━━━ MATERIAL PROVIDED

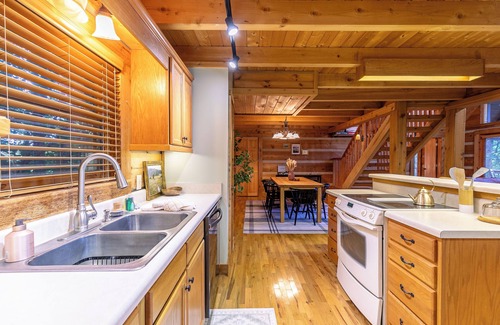 As you enter the home you'll love the classic cabin feeling in the great room. This room offers exposed-beam vaulted tongue & groove ceilings, a stone gas fireplace with TV mounted above and cozy furniture arranged in front of it, dining table for 6, and a well equipped kitchen with stainless steel appliances and an island that also has 2 bar stools. Newly installed fiber internet keeps you connected while you relax.
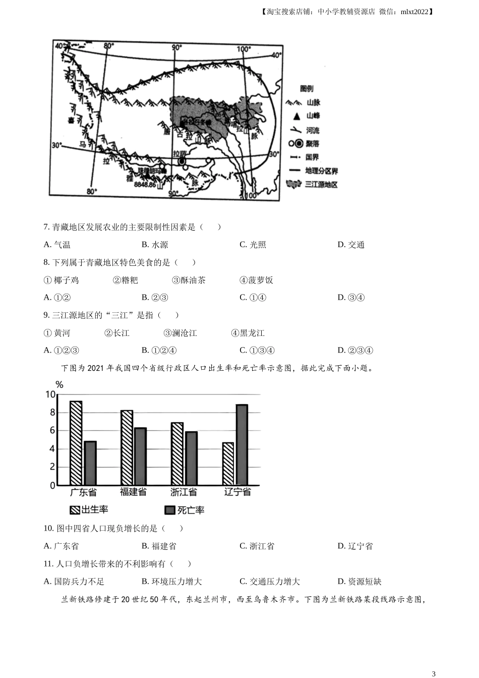 精品解析:2023年四川省甘孜州中考地理真题(原卷版).docx_第3页
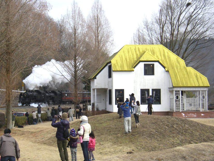 なお、頸城鉄道閉業後、その可愛い蒸気機関車は 西武鉄道・山口線 で観光列車の牽引機関車として活躍しました。その使命を終えた後、新潟県上越市頚城区百間町に里帰りして百間町駅跡の機関庫に温存されているそうです。
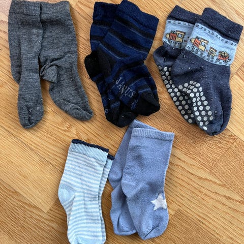 Selger div sokker: både i bomull og ull. Brukte og helt nye. Passer fra 1 1/2 år og opptil ca 3/4 år
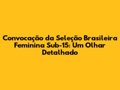 A convocação da Seleção Brasileira Feminina Sub-15 é sempre um momento emocionante para os fãs do futebol, especialmente para aqueles que acompanham de perto o desenvolvimento das jovens promessas do esporte. A cada nova lista, a expectativa é grande para ver quais talentos foram selecionados para representar o Brasil. Essa convocação é um marco importante na jornada das atletas, representando uma oportunidade única de aprimorar suas habilidades, aprender com os melhores e sonhar com voos ainda mais altos no mundo do futebol. A seleção feminina sub-15 é o futuro do futebol brasileiro, e acompanhar de perto o seu desenvolvimento é fundamental para entender o cenário do esporte no país. Ao longo deste artigo, vamos mergulhar nos detalhes da convocação, analisar os nomes das jogadoras, entender o trabalho da comissão técnica e discutir a importância desse momento para o futuro do futebol feminino no Brasil. Além disso, abordaremos como as jovens atletas se preparam para os desafios que virão e como a convocação pode impactar suas carreiras.

━━━━━━

Each record above needs to be retyped exactly, without any pictures.

 As you enter the home you'll love the classic cabin feeling in the great room. This room offers exposed-beam vaulted tongue & groove ceilings, a stone gas fireplace with TV mounted above and cozy furniture arranged in front of it, dining table for 6, and a well equipped kitchen with stainless steel appliances and an island that also has 2 bar stools. Newly installed fiber internet keeps you connected while you relax.
 精品解析:2023年四川省甘孜州中考地理真题(原卷版).docx_第3页
 なお、頸城鉄道閉業後、その可愛い蒸気機関車は 西武鉄道・山口線 で観光列車の牽引機関車として活躍しました。その使命を終えた後、新潟県上越市頚城区百間町に里帰りして百間町駅跡の機関庫に温存されているそうです。
 Selger div sokker: både i bomull og ull. Brukte og helt nye. Passer fra 1 1/2 år og opptil ca 3/4 år
 A convocação da Seleção Brasileira Feminina Sub-15 é sempre um momento emocionante para os fãs do futebol, especialmente para aqueles que acompanham de perto o desenvolvimento das jovens promessas do esporte. A cada nova lista, a expectativa é grande para ver quais talentos foram selecionados para representar o Brasil. Essa convocação é um marco importante na jornada das atletas, representando uma oportunidade única de aprimorar suas habilidades, aprender com os melhores e sonhar com voos ainda mais altos no mundo do futebol. A seleção feminina sub-15 é o futuro do futebol brasileiro, e acompanhar de perto o seu desenvolvimento é fundamental para entender o cenário do esporte no país. Ao longo deste artigo, vamos mergulhar nos detalhes da convocação, analisar os nomes das jogadoras, entender o trabalho da comissão técnica e discutir a importância desse momento para o futuro do futebol feminino no Brasil. Além disso, abordaremos como as jovens atletas se preparam para os desafios que virão e como a convocação pode impactar suas carreiras.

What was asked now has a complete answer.